As President Barack Obama struggles with a deep economic recession at home and tries to wind down the war in Iraq while stepping up the offensive against Taliban forces in Afghanistan, nuclear programs in both North Korea and Iran remain major foreign policy challenges.
Iran says it is merely trying to develop nuclear reactors for domestic power generation. The U.S. and much of the rest of the world believes the Islamic regime is trying to build a nuclear weapon.
While promising to isolate Tehran with painful sanctions if it does not moderate its nuclear ambitions, Obama continues to seek a dialogue through which Iran might gain better ties with the United States and other measures that could help Tehran's struggling economy.
Clinton said she saw no conflict of interest in attempts to negotiate with the Iranian regime despite turmoil inside the country that has seen a major and violent crackdown on supporters of Mir Hossein Mousavi. He claims fraud and ballot rigging cost him his bid to unseat incumbent President Mahmoud Ahmadinejad.
Clinton also said that Iran must understand by now that the United States will never let it develop nuclear weapons.
There are concerns that Israel, seen as a primary target of an Iranian weapons program, might launch a first strike to destroy Tehran's nuclear sites before the Islamic regime is able to build a bomb.
Clinton said that Washington hopes the Jewish state understands
American attempts to talk to Iran is a better approach.
The secretary of state set off a major debate last week when she said in a television in interview in Thailand: "We want Iran to calculate what I think is a fair assessment: that if the United States extends a defense umbrella over the region ... it is unlikely that Iran will be any stronger or safer because they won't be able to intimidate and dominate as they apparently believe they can once they have a nuclear weapon."
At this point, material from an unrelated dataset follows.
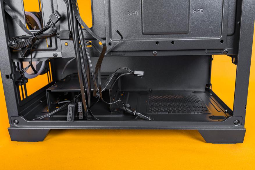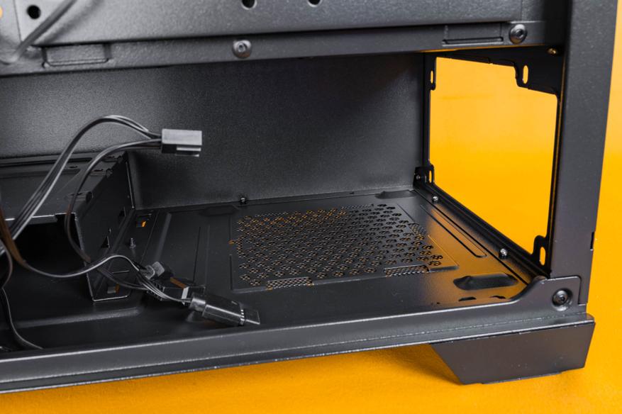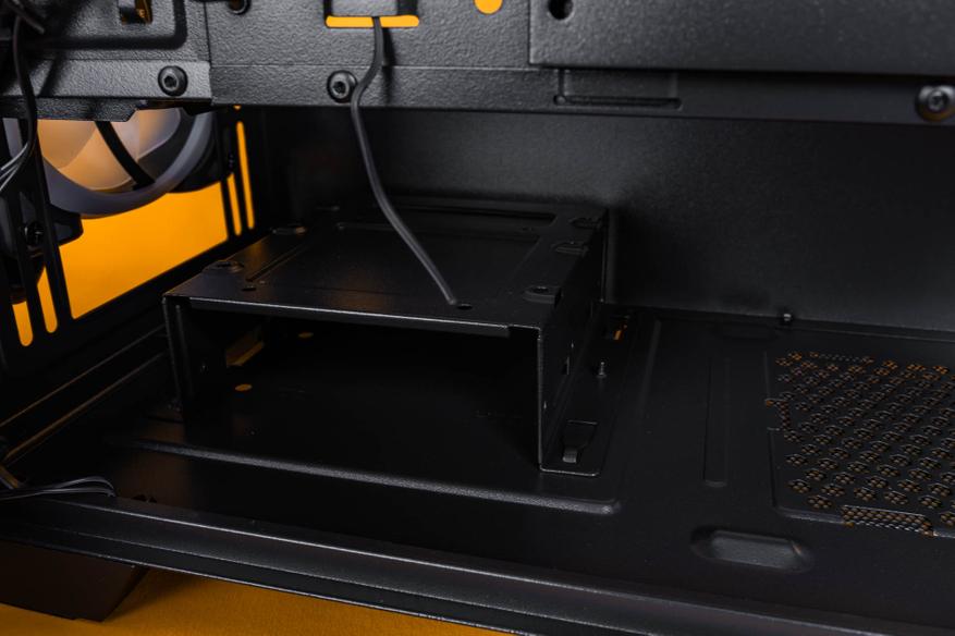 Внизу корпуса есть съемная корзина для жестких дисков, но, к сожалению, под блоком питания отсутствуют мягкие демпферы, которые могли бы снизить вибрацию.

She subsequently backpedaled, especially in the face of Israeli concerns that she was acknowledging the inevitability of Iran gaining a nuclear arsenal.
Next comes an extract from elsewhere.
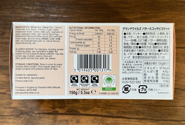 1899年に創業されたイギリス・ヨークシャーの伝統あるビスケットメーカー「グランマワイルズ」のバタースコッチビスケットです。

Also Sunday, the 61-year-old Clinton appeared to come closer to shutting the door to another presidential campaign, after her defeat for the Democratic nomination last year by Obama.
"Well, you know, I say no, never, you know, not at all. I don't know what, what else to say," Clinton said on NBC's "Meet the Press" after host David Gregory noted that she left some wiggle room in an interview last week in Thailand.
He followed up by asking, "Are you saying you wouldn't entertain another run?"
Clinton's response was less direct: "I have absolutely no belief in my mind that that is going to happen, that I have any interest in it happening. You know, as I said, I, I am so focused on what I'm doing."
In the interview on Thai television, Clinton said, "I don't know, but I doubt very much that anything like that will ever be part of my life."